So together we created the story of a high-achieving businessman who was attractive to women and attractive to investors and a bright guy who was carrying on pretty serious relationships with three different women at the same time. And we wanted to know, in this advanced technological age, if you can really get away with that kind of bigamy and not get caught.
SunLit: What’s the story behind your collaboration with Keir Graff? You both had authored books on your own. Why did you decide to team up?
Linda: We were friends and we’d see each other at conferences sometimes. And we were chatting and standing with an agent who was a friend of ours. He said, “What are you working on?” I said I’d had a book idea that I wanted to write for years about swingers, but I tend to write dark comedy and I don’t think of that as a funny subject. I can’t figure out how to do it.
And Keir said, “That’s really funny, because I had sort of researched the same kind of idea, only I wanted to make it funny.” And the agent standing with us said, “You guys ought to write this together.”

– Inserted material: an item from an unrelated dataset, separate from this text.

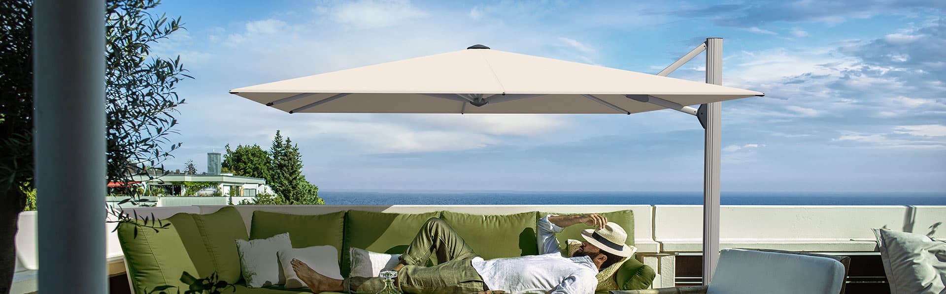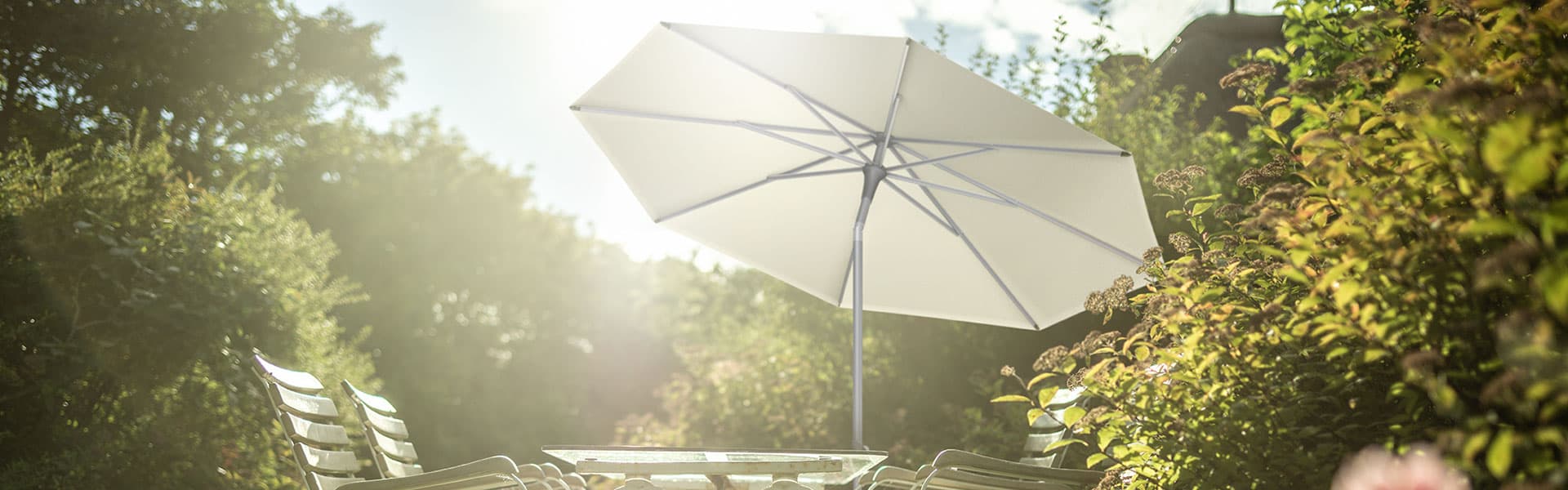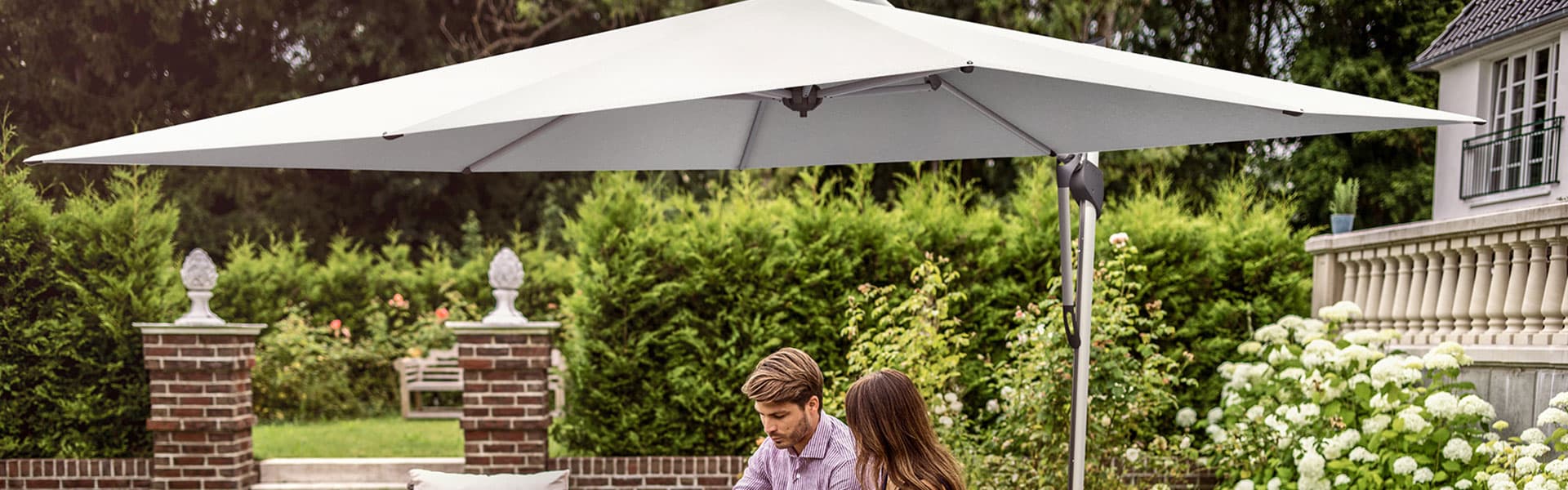 Freiarm- bzw. Ampelschirme sind die Lösung, wenn der gewünschte Sitzplatz keinen Spielraum für zentrierte Aufstellung bietet. Manchmal sind diese Schirmtypen aber auch die erste Wahl, wenn nichts die Sicht behindern soll. Sunwing, Sombrano, Aura oder Fortano bieten für alle Anforderungen Konzepte.

And we kind of looked at each other like, what a weird idea. We didn’t know each other that well. So we talked about it for close to a year. We outlined a book and we wrote it and that book was eventually published — it’s called “The Swing of Things.” And neither of us are swingers, and neither of us are into any of that and we’re both happily married to other people.

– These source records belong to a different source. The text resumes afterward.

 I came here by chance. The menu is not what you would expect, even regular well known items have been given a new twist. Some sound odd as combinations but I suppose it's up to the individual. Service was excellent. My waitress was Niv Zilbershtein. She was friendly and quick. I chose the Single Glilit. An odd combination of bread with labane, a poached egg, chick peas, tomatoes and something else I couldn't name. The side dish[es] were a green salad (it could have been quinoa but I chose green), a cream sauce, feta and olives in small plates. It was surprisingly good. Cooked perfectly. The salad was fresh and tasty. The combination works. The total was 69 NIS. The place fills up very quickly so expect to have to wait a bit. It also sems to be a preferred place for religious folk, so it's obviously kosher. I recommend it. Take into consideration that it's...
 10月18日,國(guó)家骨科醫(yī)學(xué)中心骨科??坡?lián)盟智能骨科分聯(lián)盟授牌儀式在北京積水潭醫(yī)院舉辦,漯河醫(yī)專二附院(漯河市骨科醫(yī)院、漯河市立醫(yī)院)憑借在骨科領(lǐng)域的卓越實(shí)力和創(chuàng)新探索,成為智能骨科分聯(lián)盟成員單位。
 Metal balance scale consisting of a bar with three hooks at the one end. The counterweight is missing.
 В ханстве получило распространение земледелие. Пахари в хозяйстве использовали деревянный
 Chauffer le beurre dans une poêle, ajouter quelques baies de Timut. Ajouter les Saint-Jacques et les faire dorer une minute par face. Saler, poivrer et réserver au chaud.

But it was a great topic for fiction, we both felt, and we’ve been together as writers ever since.

SunLit: So can you put this excerpt from your current novel, “The Three Mrs. Wrights,” into context for us?
Linda: The way to put it in concept in context is that it I have to explain a little bit about our writing process in that when Kira and I write a book, we split up characters, you know we joke that one of us takes nouns and one of us takes verbs, but it doesn’t quite work that way. But we will split characters.
We thought it would be interesting to write this book from the perspective of three very empowered, very bright women who had careers and things going for them, that all happened to fall in love with the same bad guy. It’s their story, not his. And weirdly, I only wrote one of the three characters in that book. Usually we’re pretty 50-50 but for whatever reason, or variety of them, I chose Jessica.
I’m giving you the excerpt of her getting married to (Mr. Wright) down in Mexico. He takes her for a conference weekend and surprises her by having arranged a wedding on the beach, just the two of them. And she’s such a bright woman and she’s going all these places career-wise, but she’s fallen head over heels in love with him and she sort of allows herself to be talked into this marriage. I mean, it isn’t too hard to talk her into it. She sort of romanticizes the whole thing and he does the most romantic thing ever and she goes through with this beach wedding.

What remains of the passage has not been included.